When I was in high school I did more than a little bit of
speech and drama, so last week when the drama coach asked me to come in and critique/coach
some students I jumped at the opportunity.
Oh man. Talk about memories flooding back! Being in the same
coaching room, being in the same theatre, walking the same hallways—all places
I have not been since I was in high school.
And speaking of high school, have I ever told you that all
of this long hair is a new addition?
London, junior year of high school. |
And as I sat there, critiquing and coaching these kids—kids I
don’t know and who don’t know me—I was overwhelmed. Overwhelmed by this crazy
kind of love to know these kids, to invest into their lives, to tell them that
there is more beyond that crappy home life I see creeping into their acting,
stripping them of their dignity, confidence, positive outlook, and replacing it
with fear, bitterness, and apathy.
That’s just the way of the devil isn’t it? To capitalize
upon someone’s misfortunes and weaknesses (Romans 7:7-8). He does what he can.
“You’ve got a crappy home life?” the devil asks. “Great, now
I am going to make you think all those things your parents say about you is
true.”
“You struggle with depression? Excellent. Now I am going to
make you depressed that you are depressed.”
“Your desire is to covet? Have you seen the car the
neighbors just bought?”
“Greed? Oh don’t worry…the greed will go away when you make
another few thousands of dollars.”
I came away wanting to cry, or punch the devil, or run back
into the department and yell “It doesn’t have to be like this! I promise!!
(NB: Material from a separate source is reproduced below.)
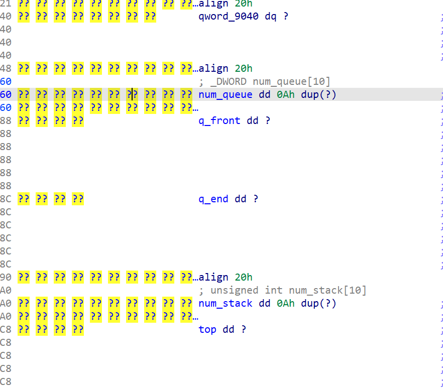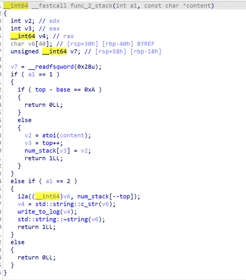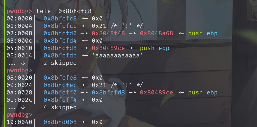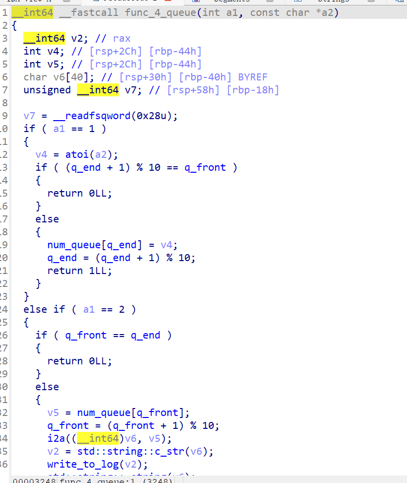 q_end = (q_end+1) %10是入队之后才会进行的,也就是说q_end被覆盖后的第一次入队,偏移完全由刚刚越界push的数字决定。但由于只有一次,不能完整覆盖s。但是发现栈对top的唯一检查就是top- base != 0xa, 所以只要把base覆盖掉,栈就可以任意偏移写了。

There is an answer to all of this!!”
God must have heard my heart: Something has come up that I
think will get me into their lives. I hope so. Either way, I am praying for
them; it's something I can do.
My heart just goes out to miserable people who don’t know
the Lord, you know?
I have been studying the Law a lot lately, both at church,
home, small group. It seems to be coming up everywhere.
I am so convicted of how all of us are such terrible law
breakers, full of no good thing, deserving of every nasty thing that
could/has/does happen to us.
Mercy is a miracle, you know that? And like most miracles,
it doesn’t make a bit of sense.
Jesus, the God of this universe, came to become the curse
that was on us, the curse that is on those kids, the curse that is on your
co-workers, family members, whoever. He took that law, all of those things we
cannot fulfill, and he said, “All of the perfection you do not possess but that
I do, is yours. And all of that corruption that is your only possession that I
have no portion of, I will take as mine. Where you are powerless to save, I
have come to deliver. All that the law made you powerless to do, I will do.”
I sigh. There is so much to do. The gospel is not ours to
keep. Most of the world needs to hear it, and even some of those who have heard
it now need to be taught what to do with it.
Can we do it all? No.
But Jesus already has.Can we save all? No.
But Jesus already died for all.
Can we do what we can do? Oh kids, my prayer is that we WOULD do what we can do. My prayer is that we would be runners. Runners TO God, away from sin, towards the broken.